Ehe wir wissen, wie uns geschieht, setzt der Schweizer seine erste Nadel. Einstich, Austritt. Wir sind nicht beim Fußball, es gibt keine Zeitlupe.
Zoooom!
Die Cam hält auf das rechte Ohr des Asiaten. Dort ist nun, direkt vor dessen Ohrmuschel, eine Nadel durch die Haut gesteckt. Der Mann indes verzieht keine Miene. Dreht nur schweigend den Kopf.
Und erneut, mit gleicher Akkuratesse, sticht der Schweizer zu, diesmal am linken Ohr. Zoom in die Augenschlitze des Asiaten, doch da ist nichts. Druckerschwarze Pupillen. Langsam öffnet er den ersten Knopf seines Hemdes, dann den zweiten, dritten, vierten. Als sein weißer Bauch bis zum Nabel freiliegt, nimmt der Schweizer ein Skalpell aus der Mappe. Er setzt es an die rechte Brustwarze des Asiaten an, zieht kurz nach unten durch, legt das hauchdünne Scheibchen Fleisch auf ein lackiertes Sushi-Brett.
Zoom.
Zweite Brustwarze!
Kommt ebenfalls auf’s Brettchen.
Während die Cam weg war, hat jemand ein bisschen Wasabi mit draufgelegt, und Ingwer.

Die beiden Männer sind ganz zu zweit.
Ein winziges Husten aus dem Publikum. Ansonsten Schweigen.

Bis die Cam zurückkommt, hat der Schweizer sein Skalpell längst gesäubert und verstaut. Er beugt sich, ergreift das Brettchen von der Theke. Beide Köche drehen sich in die Kamera, senken fast gleichzeitig ihre Fingerspitzen darauf.
„Was? Keine Stäbchen?“
Unsere Frage bleibt ungehört.
Zoom auf die zwei Scheibchen Fleisch. Die Münder der Köche öffnen sich; jeder legt sich eines davon auf die Zunge.
Abblende.

Im Studio erlischt langsam das Licht.

 

 

 

 

 

 

3 Gedanken zu „Sashimi

  1. Oh wie unheimlich! Und stark indes, daß es ausgerechnet “der Schweizer” ist, vom asiatischen Koch zu schneiden. (Ich nehme an, die Nadeln akupunktierten den Schmerz hinweg.)

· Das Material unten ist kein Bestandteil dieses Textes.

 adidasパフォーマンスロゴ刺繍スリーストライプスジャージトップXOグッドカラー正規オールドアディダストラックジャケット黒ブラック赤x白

    Ein wenig erinnert mich die Szene an die Beschreibung Batailles eines Delinquenten, der Stück für Stück, Muskelfaser für Muskelfaser, allerdings o h n e Betäubung zerlegt und dessen körpereigene Morphinausschüttung offenbar so groß wird, daß er diese Art der Filetierung schließlich im R a u s c h erlebt. (Körperteile, Organe, Muskelfasern werden vor ihn für ihn sichtbar ausgelegt).
    Die Szene wird in Die Tränen des Eros erzählt.

  2. Bataille. Danke, dass Sie mich an ihn erinnern!
    In meiner Szene geht es ebensowenig um Schmerz wie in jener aus Die Tränen des Eros – eher um Voyeurismus, glaube ich. Und darum, sich selbst zur Ware zu machen. Muss noch mal darüber nachdenken.

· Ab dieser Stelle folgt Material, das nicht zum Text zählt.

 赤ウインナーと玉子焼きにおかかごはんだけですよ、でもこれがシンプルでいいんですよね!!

  3. Bei Bataille jedenfalls gehen Schmerz und Voyerismus fast untrennbar ineinander über – er beschreibt es sehr deutlich. In Ihrem Text wiederum ist der Schmerz – auch und gerade in seiner wie bei Bataille rauschhaften Dimension – geradezu ausgeklammert: Es bleibt fast kalt das — B i l d.